We applied the following procedure to station data before computing regional average as described in Sect. 3.1. We calculated daily mean temperature as the average of daily maximum and minimum temperatures. Monthly mean temperatures are calculated from the daily values in months with fewer than 5 consecutive days missing, and fewer than 8 days missing in total, and are set to missing otherwise. As indices of daily ‘warm extremes’, we used the annual maxima of daily maximum (TXx, hottest summer day temperature) and daily minimum (TNx, hottest summer night temperature) temperatures. As indices of daily ‘cold extremes’, we used annual minima of daily maximum (TXn, coldest winter day temperature) and daily minimum (TNn, coldest winter night temperature) temperatures. These were extracted as annual largest or smallest values from the respective daily series, taking missing daily values into consideration. We first extracted monthly maxima or minima for months with fewer than three missing daily maximum or minimum observations respectively. The warm extremes, TXx and TNx, typically occur in the warm half year; therefore the annual warm extremes were extracted as the largest values of the respective monthly extreme values from April to September. Cold extremes, TNn and TXn, typically occur in the cold half year; the annual cold extremes were therefore extracted as the lowest values of the respective monthly extreme values from October to March. Annual extremes were set to missing if data availability was not sufficient to calculate the relevant monthly extremes for all months in the warm or cold half-years, as appropriate.

2.2 Model simulations

We used near-surface air temperatures simulated by climate models (GCMs) participating in the Coupled Model Intercomparison Project phase 5 (CMIP5) that are available from the CMIP5 archive to estimate temperature responses to various external forcings. At the time of analysis, the following simulations provided monthly mean temperature values to year 2012 and are used in this study for 1948–2012: 76 simulations conducted with 15 GCMs under the combined historical natural and anthropogenic forcings (ALL), 46 simulations conducted with 10 GCMs under the historical natural forcing (NAT), including solar and volcanic forcings and 35 simulations conducted with 6 GCMs under the historical anthropogenic forcing (ANT) including both greenhouse gases and anthropogenic aerosol forcings. Table 1 lists the models and their experiments whose monthly mean temperature data are used in this study. The four extreme temperature indices were calculated from daily values available from the CMIP5 archive following Sillmann et al. (2013). Daily values of maximum and minimum near-surface air temperatures simulated by the GCMs that ended in 2012 include 22 simulations conducted with 6 GCMs under ALL forcing, 26 simulations conducted with 6 GCMs under NAT forcing, 15 simulations conducted with 2 GCMs under ANT forcing (see Table 2 for details). These various ensembles were used to compute temperature response patterns under the relevant forcings.

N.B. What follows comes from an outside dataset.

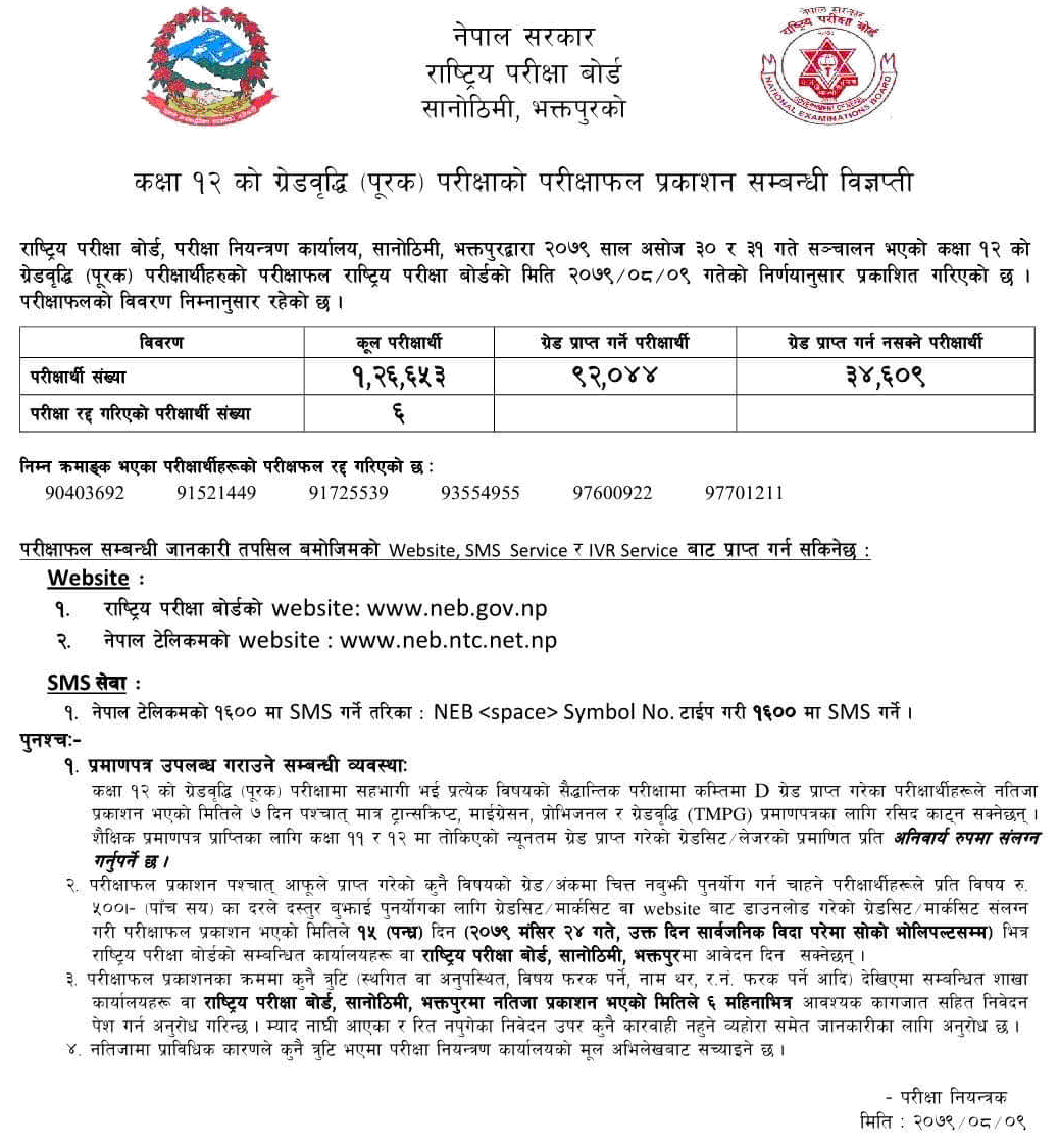 National Examination Board, Examination Control Office, Sanothimi, Bhaktapur conducted on 30th and 31st October 2079, the results of Grade 12 Grade Increment (supplementary) examinees have been published as per the decision of National Examination Board dated 06/09/2079. The details of the exam results are as follows.

Table 1 List of models, experiments, and ensemble sizes available for monthly mean temperature analysis. Bold font indicates ensemble sizes of extended model simulations that end in year 2012 and used for calculating signals. The experiments include model simulations under historical all forcing (ALL), historical anthropogenic forcing (ANT), historical natural forcing including solar and volcanic forcing (NAT), historical greenhouse gases forcing (GHG), historical anthropogenic aerosol forcing (AA), and historical land use and land change forcing (LU)
Table 2 The same as Table 1 but for extreme temperature indices study

Detection and attribution analyses (Sect. 3.2) require a large volume of model simulated data to estimate natural internal (unforced) variability. We used the following three types of data for this purpose. The first is the inter-ensemble differences of the above simulations that were used for signal estimation (bolded numbers in Tables 1, 2). The second is the inter-ensemble differences of simulations that were not used in signal estimation because they end in 2005. These include simulations under various external forcings including ALL, ANT, NAT, greenhouse gases (GHG), anthropogenic aerosols (AA), land use and land changes (LU) (summarized by non-bolded numbers in Tables 1, 2). The third is pre-industrial control (CTL) simulations; we use 21,710 years of monthly temperatures from pre-industrial control (CTL) conducted with 48 CMIP5 models and 13,780 years of daily temperatures from CTL simulations conducted with 29 models. The latter were used to derive extreme temperature indices. The large data samples from these various sources help to reduce estimation error in detection and attribution analysis.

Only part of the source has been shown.